I like to think it's just that the gulf coast section = teh suk...it can't be me right? :'(

It was windy and choppy...did more exploring than fishing...the HB did ok but I could have used a 20' pathfinder for sure.

I need to get a TM to fish the bay area...and then maybe find someone to show me around the south area.


----------



## Guest (Apr 19, 2008)

> I like to think it's just that the gulf coast section = teh suk...it can't be me right? :'(
> 
> It was windy and choppy...did more exploring than fishing...the HB did ok but I could have used a 20' pathfinder for sure.
> 
> I need to get a TM to fish the bay area...and then maybe find someone to show me around the south area.

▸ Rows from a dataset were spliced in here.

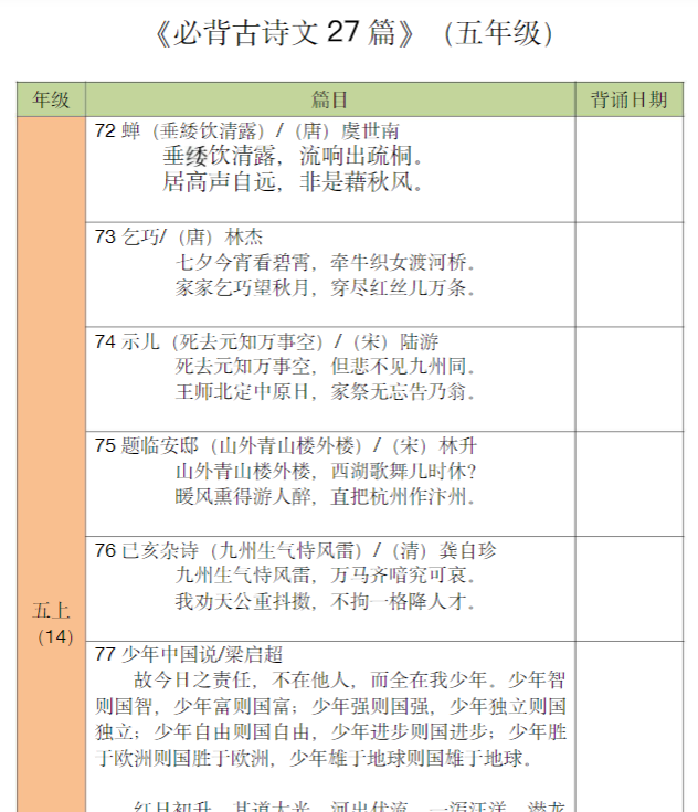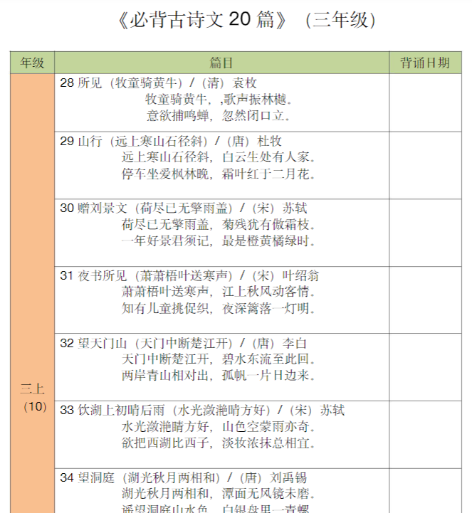 | ⏰限时免费下载《暑假古诗文背诵记录表》1-6年级完整版!一键保存,让孩子暑期古诗背得又快又牢! | |
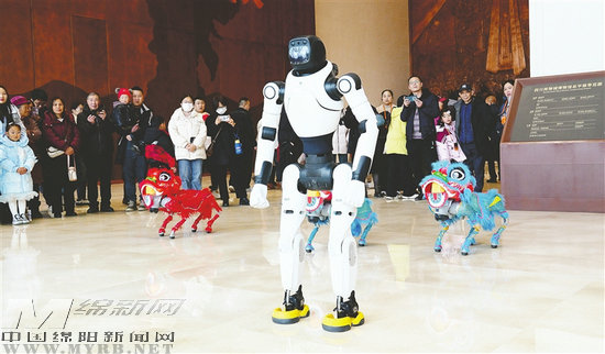 两弹城博物馆,智能机器人与身穿醒狮服的机器狗同台表演。记者 刘晓东 摄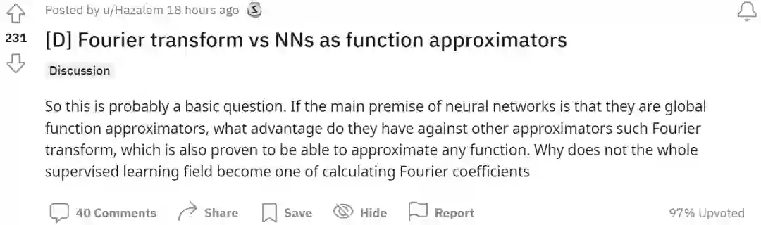 发帖者认为,这是一个基础性问题。ta 提出了疑问,「如果神经网络的主要前提是全局函数逼近器,那么与傅里叶变换等其它也被证明能逼近任何函数的逼近器相比有哪些优势?为什么整个监督学习没有变成计算傅里叶系数的领域之一?」

Some of us have to work.    Talking about it here only pisses us off.  How's that for a WC welcome. ;D ;D ;D ;D

Maybe in a few weeks with a little more warning we could make something happen. 

And that "fatalbert" guy [smiley=StirPotChef.gif] [smiley=StirPotChef.gif] : : We don't like him and he's looking for friends on another forum. ;D ;D ;D ;D He's a SFL boy now.


----------